Если уже известно, что я утащил из сарая газетный комплект, то лучше не показываться, — Сегаль за воровство ласкать не станет.
— Ты же уплыл в Америку! — вдруг слышу позади себя знакомый голос.
Оборачиваюсь, и предо мной Хася — стряпуха Сегалей.
Хася задыхается от жары, но круглое бородавчатое лицо улыбается.
— Хорошенький американец, нечего сказать…
— Тетя Хася! — восклицаю я. — Вы не смейтесь- я чуть-чуть не уехал!.. Я даже в середке парохода был, — добавляю я, обрадованный встречей.
— На пароходе бывают всякие — и умные и дураки, но обычно уезжают первые…
— Нет, не так — перебиваю я. — И умный не уезжает, когда его жандарм выбрасывает на берег…
У Хаси от внутреннего смеха колышется живот.
— Ну, иди уж домой, великий путешественник… Тебя ищут…
— Почему ищут? — спрашиваю я настороженно.
— Потому, что каждую вещь принято искать, когда она пропадает… Вчера я весь день искала мочалку… Ну, иди уж…
Следую за Хассй и в то же время стараюсь по ее глазам, по выражению лица догадаться об ожидающей меня участи…

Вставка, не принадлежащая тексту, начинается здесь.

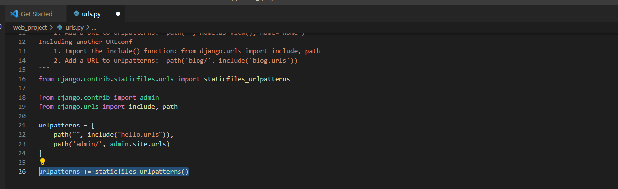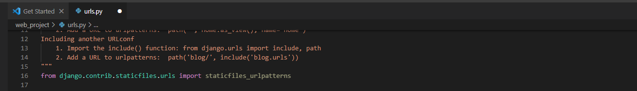 2. web_project/urls.py 에서 프로젝트가 인식하는 목록에 대한 표준 정적 파일 URL을 포함하는 다음 줄을 끝에 추가합니다.

Опять я на старом месте. Скоро начнутся занятия, и на моей обязанности — привести училище в надлежащий вид. Мною все довольны. Взрослые удивляются моей силе и ловкости. Один, без посторонней помощи, передвигаю парты и классные доски. А когда мою полы, я тряпку так выжимаю, что после меня ни одной капли не выдавишь…
Получаю то самое жалованье, что и Давид, — пятьдесят копеек в день или пятнадцать рублей в месяц, а лучше сказать-сто восемьдесят в год. Вот так цифра!..

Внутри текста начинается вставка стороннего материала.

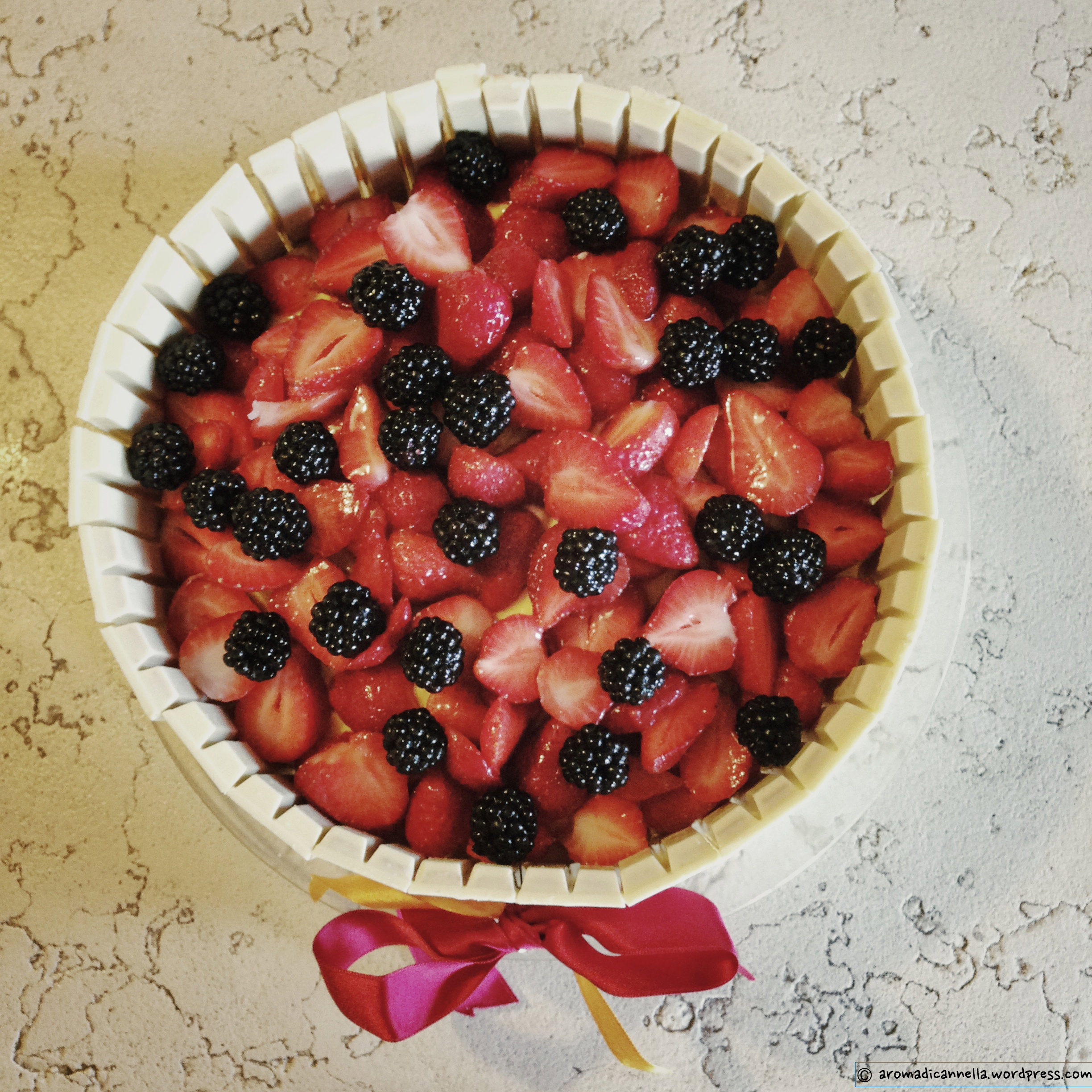 Ponete le fragole tagliate dapprima in modo da coprire completamente la superficie, poi in secondo strato assieme alle more.

Пусть кто-нибудь попробует через год помешать мне уехать в Америку, когда обутый и одетый я взойду на пароход с билетом в боковом кармане!..

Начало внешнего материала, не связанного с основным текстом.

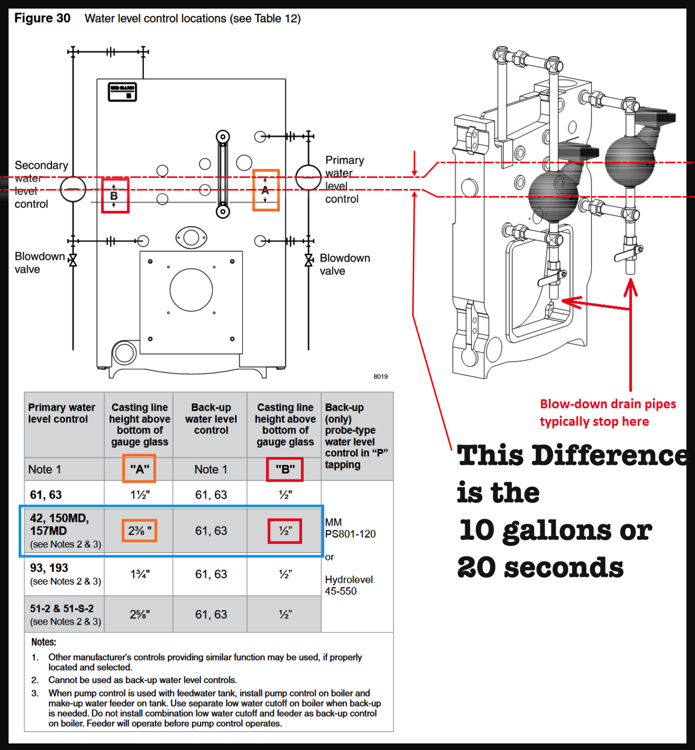 Hey folks. Is there a standard for the height difference between a primary and emergency lwco? When our boiler was installed we were having issues with surging tripping the primary cutout. Rather than addressing water quality issues that were likely causing the problem, our contractor simply raised the primary cutout but not the emergency. As a result it takes about 20 seconds for the emergency cutout to trip when doing a blowdown leading to excessive fresh water being taken on.

Моя бывшая учительница Анюта относится ко мне с прежним дружелюбием; но до переэкзаменовки осталось несколько дней, и сейчас ей не до меня. Да и мне тоже некогда-мы готовимся к царскому празднику. Заведующий училищем хочет не только зажечь плошки по всему фасаду дома, но еще пустить фейерверк.
По поводу фейерверка между Сегалем и учителем Резником происходит спор. Стою у закрытой двери и прислушиваюсь. Голос учителя — высокий и тонкий взволнованно поднимается над низким грудным говором заведующего.
— Я спрашиваю, почему мы, евреи, должны особенно стараться?.. Почему именины русского царя вы хотите превратить в наш народный праздник. Давно ли мы пережили погром?
— Для того, — не повышая тона, перебивает учителя Сегаль, — чтобы погрома в дальнейшем не было, мы обязаны всем нашим поведением доказать, что мы такие же верноподданные, такие же…
— Бросьте!.. Этим не поможете!.. Чем ниже раб сгибает спину, тем выше над ним взлетает кнут палача!.. — кричит Резник.
Приближаются шаги. Я отскакиваю от двери. Входит Сегаль. На нем коричневый поношенный пиджак, а на руках — темно-серые перчатки.
Заведующий сегодня работает в качестве пиротехника, поэтому одет в столь необычайный для него костюм.
Но и сейчас он производит впечатление гордого, недоступного человека, и меня удивляет смелость маленького узкогрудого Резника, спорящего с таким строгим человеком.
Боюсь Сегаля. Меня пугают его красивое бледное и малоподвижное лицо, обрамленное черной волнистой бородой, и безогненный взгляд больших темных глаз.
— Послушай, — обращается он ко мне, — ты умеешь толочь уголь?
— Да, — не задумываясь, отвечаю я и при этом, из вежливости, опускаю руки по швам.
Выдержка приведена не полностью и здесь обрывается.